Miloš Gibala

Personal information
- Full name: Miloš Gibala
- Date of birth: 21 May 1985 (age 40)
- Place of birth: Lučenec, Czechoslovakia
- Height: 1.79 m (5 ft 10 in)
- Position: Forward

Youth career
- 0000–2000: 1.FC Buzitka-Opatová
- 2000–2001: FC Junior Radvan
- 2001–2004: Rapid Ružinov

Senior career*
- Years: Team / Apps / (Gls)
- 2004–2005: Rapid Ružinov
- 2004: → Lučenec (loan)
- 2005: → Banská Bystrica (loan)
- 2005–2009: Banská Bystrica / 20 / (1)
- 2006–2007: → Rimavská Sobota (loan)
- 2007–2008: → Zlaté Moravce (loan) / 17 / (2)
- 2008: → Humenné (loan)
- 2008–2009: → Rimavská Sobota (loan)
- 2009: → Rimavská Sobota (loan)
- 2010: Karlovy Vary
- 2010–2012: Ústí nad Labem / 5 / (0)
- 2011: → Chomutov (loan)
- 2017–2022: BSV Eintracht Sondershausen / 54 / (35)

International career^{‡}
- Slovakia U-15
- Slovakia U-16
- Slovakia U-17
- Slovakia U-18
- Slovakia U-19
- Slovakia U-20

= Miloš Gibala =

Slovak footballer

Miloš Gibala (born 21 May 1985) was a Slovak football forward who last played for BSV Eintracht Sondershausen in the German lower leagues.

== Club career ==
Born and raised in Lučenec in central Slovakia, Gibala started his career in the academy of 1.FC Buzitka-Opatová in his hometown. He moved to the capital, Bratislava, in 2001 to join FK Rapid Ružinov. His performances led to him being nominated for the Slovak youth national team.

=== Banská Bystrica ===
After interest from teams such as AS Trenčín, Gibala would join FK Dukla Banská Bystrica. He scored 18 goals across the season for the reserve team of Banská Bystrica. In the first half of the 2006–2007 season, he was the top goal scorer in the Dukla squad, having scored 4 goals. In 2008, Gibala went out on loan to MŠK Rimavská Sobota.
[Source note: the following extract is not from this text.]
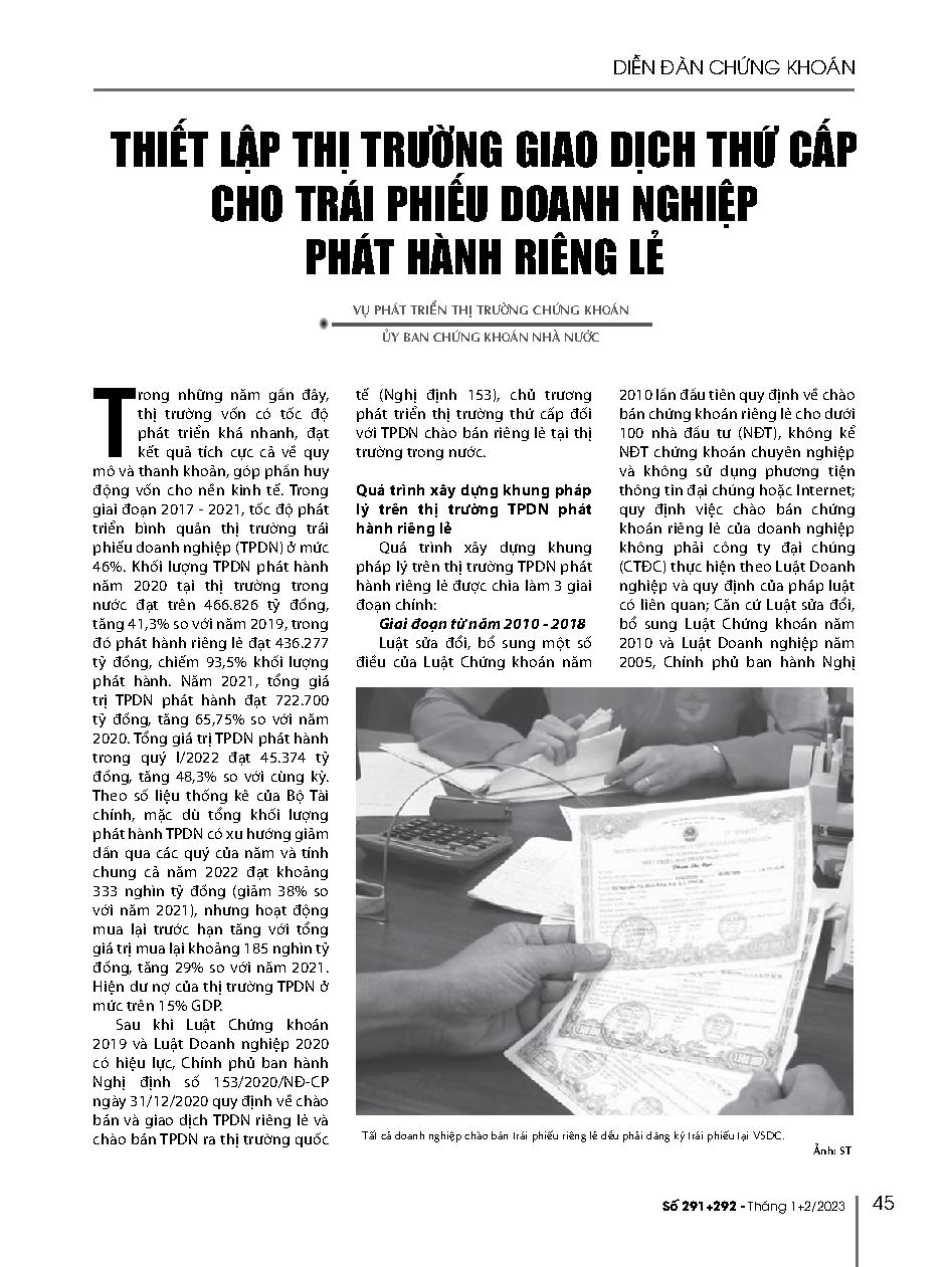 Thiết lập thị trường giao dịch thứ cấp cho trái phiếu doanh nghiệp phát hành riêng lẻ = To build secondary trading market for private placement corporate bonds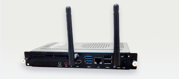 De OPS is niets minder dan een kleine computer, geïntegreerd in het scherm. Het staat toe geen externe computer te hoeven gebruiken, die men bij elke meeting zou moeten aansluiten! Het gebruik van het scherm zal dus meer ogenblikkelijk, meer onmiddellijk zijn. Het andere voordeel van deze toepassingsgerichte computer berust op het aantal bijkomende aansluittechnieken dat het aan het scherm biedt.

=== Zlaté Moravce (loan) ===
In 2007, Gibala joined FC ViOn Zlaté Moravce on a loan. While playing with Zlaté Moravce in the UEFA Cup qualifying matches in the 2007/08 season, Gibala prevailed in the first round against the Kazakh representatives FK Alma-Ata, scoring the two decisive goals in a 3–1 victory. Zlaté Moravce would go on to draw the second leg 1–1 and advance to the next stage. In the second round, they faced the eventual UEFA Cup winners, Zenit St. Petersburg, which proved to be their elimination.

In 2010, Gibala joined FK Viagem Ústí nad Labem.